Exercise objective = Once the line holding "Cuchillo de chef" is written out, stop; begin at the first line of the material below and retype exactly, dropping pictures.

Material provided =
= = = =

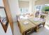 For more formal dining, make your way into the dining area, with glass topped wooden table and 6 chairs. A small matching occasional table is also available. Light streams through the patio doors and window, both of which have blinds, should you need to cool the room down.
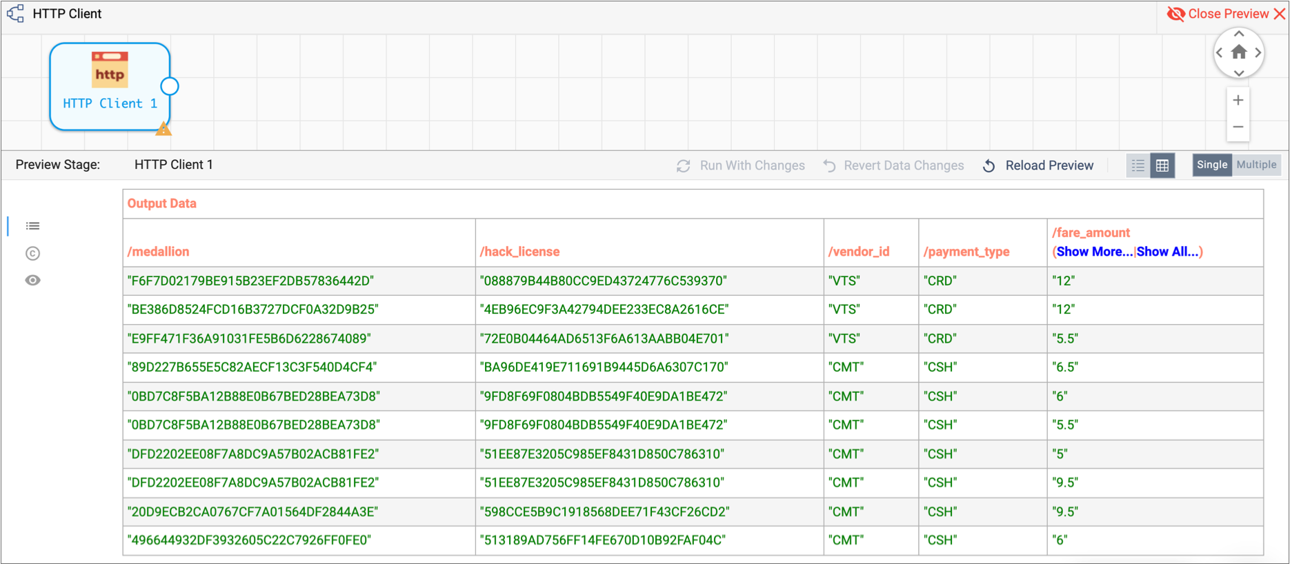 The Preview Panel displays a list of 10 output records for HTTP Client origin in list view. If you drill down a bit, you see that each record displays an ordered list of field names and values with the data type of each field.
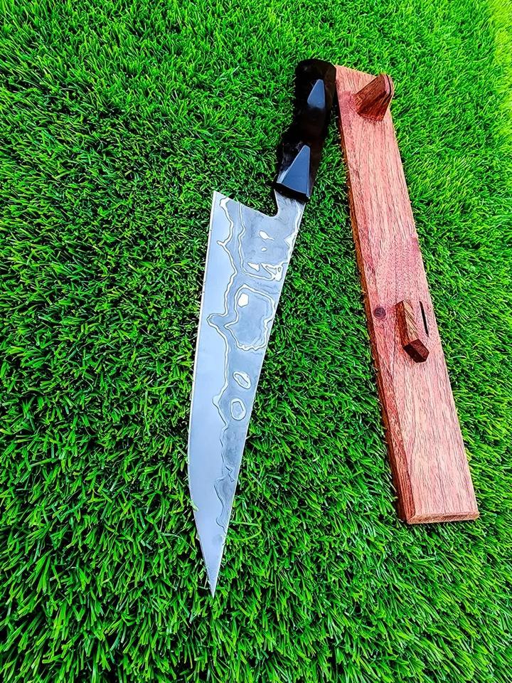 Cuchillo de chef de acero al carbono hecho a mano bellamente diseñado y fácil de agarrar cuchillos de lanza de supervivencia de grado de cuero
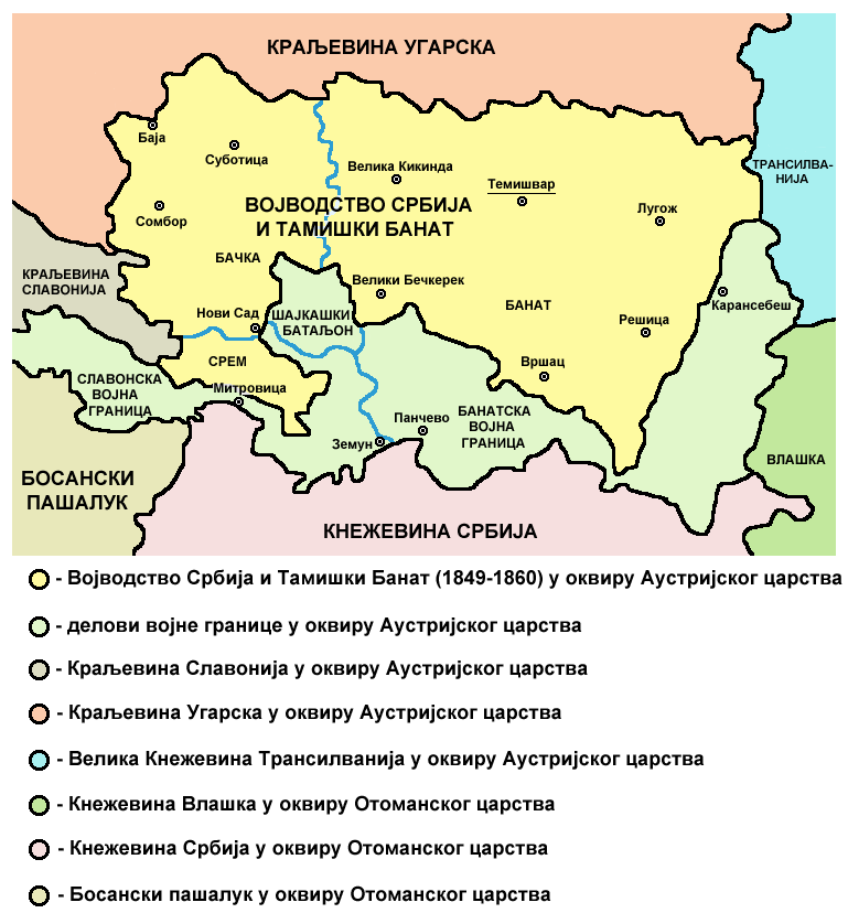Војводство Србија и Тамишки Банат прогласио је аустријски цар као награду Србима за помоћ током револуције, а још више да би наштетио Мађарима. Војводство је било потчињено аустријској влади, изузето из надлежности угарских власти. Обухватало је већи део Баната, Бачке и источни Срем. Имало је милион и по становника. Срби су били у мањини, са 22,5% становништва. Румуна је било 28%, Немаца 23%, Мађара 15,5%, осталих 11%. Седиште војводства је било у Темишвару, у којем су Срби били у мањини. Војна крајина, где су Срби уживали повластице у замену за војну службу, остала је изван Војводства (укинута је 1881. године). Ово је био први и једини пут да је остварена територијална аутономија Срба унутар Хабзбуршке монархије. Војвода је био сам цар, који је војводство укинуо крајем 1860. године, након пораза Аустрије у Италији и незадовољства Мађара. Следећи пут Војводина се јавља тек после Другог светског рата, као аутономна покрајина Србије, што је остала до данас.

= = = =

Output =
 For more formal dining, make your way into the dining area, with glass topped wooden table and 6 chairs. A small matching occasional table is also available. Light streams through the patio doors and window, both of which have blinds, should you need to cool the room down.
 The Preview Panel displays a list of 10 output records for HTTP Client origin in list view. If you drill down a bit, you see that each record displays an ordered list of field names and values with the data type of each field.
 Cuchillo de chef de acero al carbono hecho a mano bellamente diseñado y fácil de agarrar cuchillos de lanza de supervivencia de grado de cuero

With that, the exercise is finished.